Real Application: Netflix uses PCA to compress movie features for real-time recommendations to millions of users!

How PCA Works: Step-by-Step

PCA Math Concept

Step 1: Standardize Data

This is not optional. If you skip standardization, PCA will just find the feature with the biggest numbers and call it the “most important direction.” That tells you nothing useful.
# Why? Features have different scales
# beds: 1-5, sqft: 500-5000, age: 0-100
# Without standardization, sqft dominates everything just because
# it uses bigger numbers -- not because it carries more information.

X = np.array([[3, 2000, 15], [4, 2200, 8]])

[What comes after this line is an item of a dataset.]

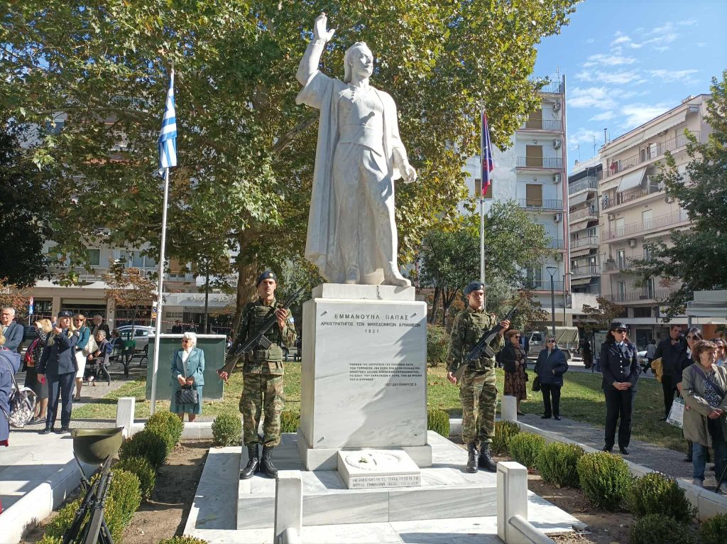 Στη συνέχεια στον ανδριάντα του Εμμανουήλ Παπά στην Πλατεία Ελευθερίας εψάλη επιμνημόσυνη δέηση και ακολούθησε κατάθεση στεφάνων.

# Standardize: mean=0, std=1
# After this, every feature has equal "voice" in the analysis
X_mean = X.mean(axis=0)
X_std = X.std(axis=0)
X_scaled = (X - X_mean) / X_std
The One Exception: If your features are already in the same units and you want PCA to respect absolute variance (e.g., all features are pixel intensities 0-255), you can skip standardization and just center the data (subtract the mean). In image processing, this is common. But for mixed-unit data like house features, always standardize.

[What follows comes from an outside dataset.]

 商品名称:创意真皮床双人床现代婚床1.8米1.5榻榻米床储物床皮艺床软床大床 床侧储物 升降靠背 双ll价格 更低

Step 2: Compute Covariance Matrix

# Covariance shows how features vary together.
# If beds and sqft tend to rise together, their covariance is positive.
# If age and price move in opposite directions, their covariance is negative.
# The covariance matrix is symmetric -- cov(A,B) = cov(B,A).
cov_matrix = np.cov(X_scaled.T)
print(cov_matrix.shape)  # (3, 3)
Think of the covariance matrix as a summary of all pairwise relationships in your data. Its eigenvectors point in the directions of maximum spread, and its eigenvalues tell you how much spread exists in each direction. PCA simply reads off these directions and sorts them by importance.

Step 3: Find Eigenvectors

# Eigenvectors = principal directions
# Each eigenvector is a direction in feature-space.
# The first eigenvector points in the direction of maximum variance.
# The second is perpendicular to the first, capturing the next-most variance.
# And so on -- they form an orthogonal coordinate system.
eigenvalues, eigenvectors = np.linalg.eig(cov_matrix)

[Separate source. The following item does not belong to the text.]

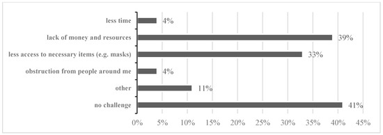 From the findings, a good number of participants (39%) claimed that they had difficulties in taking measures against COVID-19 transmission because they lacked money and resources. Meanwhile, 33% mentioned that they had less access to necessary preventive supplies (Figure 1). For the 16% of people who did not adopt any prevention measures, the reasons varied. Most people (61%) did not take any action because of a lack of resources or access, while 11% thought that they and their family were not at risk, and 12% thought COVID-19 was not a problem.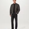 Centre front zip fastening with snap closure at neck

# Sort by eigenvalue (largest first)
idx = eigenvalues.argsort()[::-1]
eigenvalues = eigenvalues[idx]
eigenvectors = eigenvectors[:, idx]
Numerical Stability Tip: In practice, use np.linalg.eigh() instead of np.linalg.eig() when your matrix is symmetric (covariance matrices always are). The eigh function exploits symmetry for faster computation and guarantees real-valued eigenvalues, avoiding tiny imaginary artifacts from floating-point errors.

Step 4: Project Data

# Keep top k eigenvectors
k = 2
principal_components = eigenvectors[:, :k]

# Project data onto principal components
X_pca = X_scaled @ principal_components
print(X_pca.shape)  # (2, 2) - reduced from 3 to 2!

Choosing Number of Components

Method 1: Variance Threshold

# Keep components that explain 95% of variance
pca = PCA(n_components=0.95)  # Automatic!
X_pca = pca.fit_transform(X_scaled)
print(f"Kept {pca.n_components_} components")

Method 2: Scree Plot

The scree plot is named after the “scree” at the bottom of a cliff — the pile of small rocks. In the plot, the tall bars on the left are the important components (the cliff), and the short bars on the right are the noise (the scree). The “elbow” where the cliff meets the scree tells you where to cut.
# Fit PCA with all components
pca_full = PCA()
pca_full.fit(X_scaled)

# Plot explained variance
plt.plot(range(1, len(pca_full.explained_variance_ratio_) + 1),
         pca_full.explained_variance_ratio_, 'bo-')
plt.xlabel('Principal Component')
plt.ylabel('Variance Explained')
plt.title('Scree Plot')
plt.grid(True)
plt.show()

# Look for "elbow" - where curve flattens
# Components after the elbow are mostly capturing noise

Method 3: Cumulative Variance

cumsum = np.cumsum(pca_full.explained_variance_ratio_)
n_components = np.argmax(cumsum >= 0.95) + 1
print(f"Need {n_components} components for 95% variance")

🎯 Practice Exercises & Real-World Applications

Challenge yourself! These exercises demonstrate how PCA is used in production systems at major tech companies.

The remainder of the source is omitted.